• **WHAT YOU NEED TO DO**
The copy has to match the data exactly and leave out every picture.

• **DATASET RECORDS**

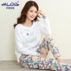 梦里情柔2016秋冬女长袖纯棉睡衣植物花卉全棉可外穿家居服套装
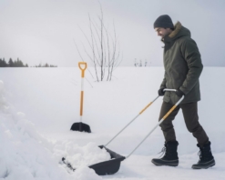 Fiskars SnowXpert™ stūmiklis su įlieta darbine dalimi stabilumui ir lengvumui, pagerintas ergonomiškas rankenų kampas, ilgos tvirtos vamzdinio plieno rankenos ir nauji ašmenys sukurti greitam ir efektyviam sniego kasimui didesniuose kiemuose ir kitose atvirose erdvėse.
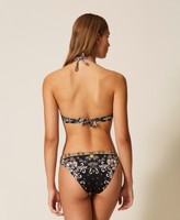 Push-up-Bikinitop mit exklusivem Twinset Foulardprint und Strassapplikation. Wattiertes Modell mit nicht herausnehmbaren Cup-Einlagen und einer mittig positionierten abnehmbaren Schleife. Schnüren, die sich am Nacken binden oder dank der Schlaufen an den Enden auch als Träger nutzen lassen, Endelementen aus goldfarbenem Metall mit Strassbesatz, Schleifenverschluss hinten und Futter.
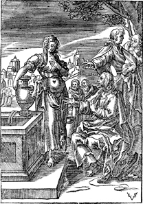 Description: Jesus speaks with the Samaritan woman at the well in Sychar. Includes the monogram of the woodcutter, Christoffel van Sichem II (1577-1658); his son, Christoffel van Sichem III (1618-1659), may have collaborated with him on these images, in the bottom right corner.
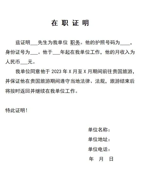 辦理簽證的在職證明其實(shí)很簡(jiǎn)單,申請(qǐng) 美國~加拿大~澳洲~新西蘭等國家時(shí)都可以通用,在職人員申請(qǐng)時(shí)需提供在職證明作為一項(xiàng)輔助資料[清單R 在職證明主要是體現(xiàn)這幾個(gè)東西: 1.證明你確實(shí)有在這個(gè)公司工作,然后要體現(xiàn)具體的工作年限,職位,還有你的薪水; 2.證明你在這個(gè)公司沒有債務(wù)或者其他不良記錄; 3.證明你這次出行公司是有批準(zhǔn)你假期的,并且保留你的職位到你回來; 4.說明你這次出行的是出于公司事務(wù)還是個(gè)人原因,以及是公司負(fù)擔(dān)費(fèi)用還是個(gè)人負(fù)擔(dān)費(fèi)用; 5.部分在職證明,有可能公司愿意給你做個(gè)擔(dān)保,就是加一句保證你會(huì)按時(shí)回國,之類的,這一條不一定會(huì)所有都有; 日韓新加坡等亞洲國家中文版就可以,澳大利亞、新西蘭、美國、加拿大、申根、英國國家最好提供英文版或者翻譯件哦
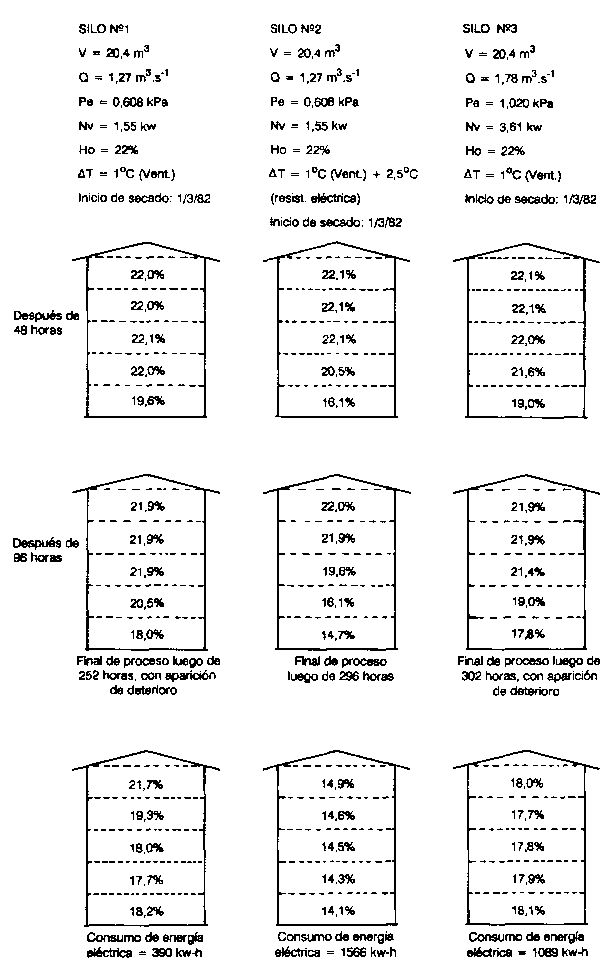 Analizando en conjunto los resultados de las Figuras 21 y 22, se observa que las condiciones climáticas son una de las variables de mayor importancia para el éxito del secado. En 1979, el secado del maíz con 22% se podia realizar con flujos del aire incluso inferiores a los que se utilizaron; en cambio en 1982 el secado con aire natural no fue posible y hubo que recurrir al uso de una fuente suplementaria de energía para calentar el aire. En reglones donde hay, ocasionalmente, años de elevada humedad relativa del aire durante el periodo de secado, conviene disponer de una fuente suplementaria de energía para usarla en dichos perlados.
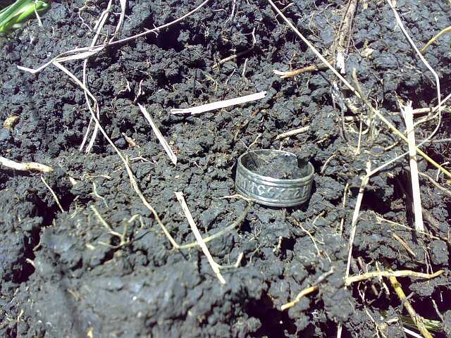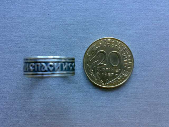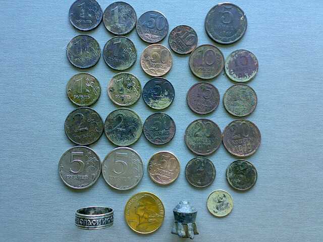Всем доброго время суток!Сегодня с сыном прогулялись у подножья горы,рядом стоит общежитие иностранных студентов.Частенько видел как они устраивают пикники,вот и выскочила из земли заморская монетка.Сначала не понял что это,никогда такие не находил.В некоторых местах трава была по пояс,вот именно там я и нашел колечко "Спаси и сохрани"серебро.Я бы с удовольствием вернул бы его хозяину,если бы знал кто он.Сыну больше понравилась охотничья пуля.

• **SOLUTION**
 梦里情柔2016秋冬女长袖纯棉睡衣植物花卉全棉可外穿家居服套装
 Fiskars SnowXpert™ stūmiklis su įlieta darbine dalimi stabilumui ir lengvumui, pagerintas ergonomiškas rankenų kampas, ilgos tvirtos vamzdinio plieno rankenos ir nauji ašmenys sukurti greitam ir efektyviam sniego kasimui didesniuose kiemuose ir kitose atvirose erdvėse.
 Push-up-Bikinitop mit exklusivem Twinset Foulardprint und Strassapplikation. Wattiertes Modell mit nicht herausnehmbaren Cup-Einlagen und einer mittig positionierten abnehmbaren Schleife. Schnüren, die sich am Nacken binden oder dank der Schlaufen an den Enden auch als Träger nutzen lassen, Endelementen aus goldfarbenem Metall mit Strassbesatz, Schleifenverschluss hinten und Futter.
 Description: Jesus speaks with the Samaritan woman at the well in Sychar. Includes the monogram of the woodcutter, Christoffel van Sichem II (1577-1658); his son, Christoffel van Sichem III (1618-1659), may have collaborated with him on these images, in the bottom right corner.
 辦理簽證的在職證明其實(shí)很簡(jiǎn)單,申請(qǐng) 美國~加拿大~澳洲~新西蘭等國家時(shí)都可以通用,在職人員申請(qǐng)時(shí)需提供在職證明作為一項(xiàng)輔助資料[清單R 在職證明主要是體現(xiàn)這幾個(gè)東西: 1.證明你確實(shí)有在這個(gè)公司工作,然后要體現(xiàn)具體的工作年限,職位,還有你的薪水; 2.證明你在這個(gè)公司沒有債務(wù)或者其他不良記錄; 3.證明你這次出行公司是有批準(zhǔn)你假期的,并且保留你的職位到你回來; 4.說明你這次出行的是出于公司事務(wù)還是個(gè)人原因,以及是公司負(fù)擔(dān)費(fèi)用還是個(gè)人負(fù)擔(dān)費(fèi)用; 5.部分在職證明,有可能公司愿意給你做個(gè)擔(dān)保,就是加一句保證你會(huì)按時(shí)回國,之類的,這一條不一定會(huì)所有都有; 日韓新加坡等亞洲國家中文版就可以,澳大利亞、新西蘭、美國、加拿大、申根、英國國家最好提供英文版或者翻譯件哦
 Analizando en conjunto los resultados de las Figuras 21 y 22, se observa que las condiciones climáticas son una de las variables de mayor importancia para el éxito del secado. En 1979, el secado del maíz con 22% se podia realizar con flujos del aire incluso inferiores a los que se utilizaron; en cambio en 1982 el secado con aire natural no fue posible y hubo que recurrir al uso de una fuente suplementaria de energía para calentar el aire. En reglones donde hay, ocasionalmente, años de elevada humedad relativa del aire durante el periodo de secado, conviene disponer de una fuente suplementaria de energía para usarla en dichos perlados.
Всем доброго время суток!Сегодня с сыном прогулялись у подножья горы,рядом стоит общежитие иностранных студентов.Частенько видел как они устраивают пикники,вот и выскочила из земли заморская монетка.Сначала не понял что это,никогда такие не находил.В некоторых местах трава была по пояс,вот именно там я и нашел колечко "Спаси и сохрани"серебро.Я бы с удовольствием вернул бы его хозяину,если бы знал кто он.Сыну больше понравилась охотничья пуля.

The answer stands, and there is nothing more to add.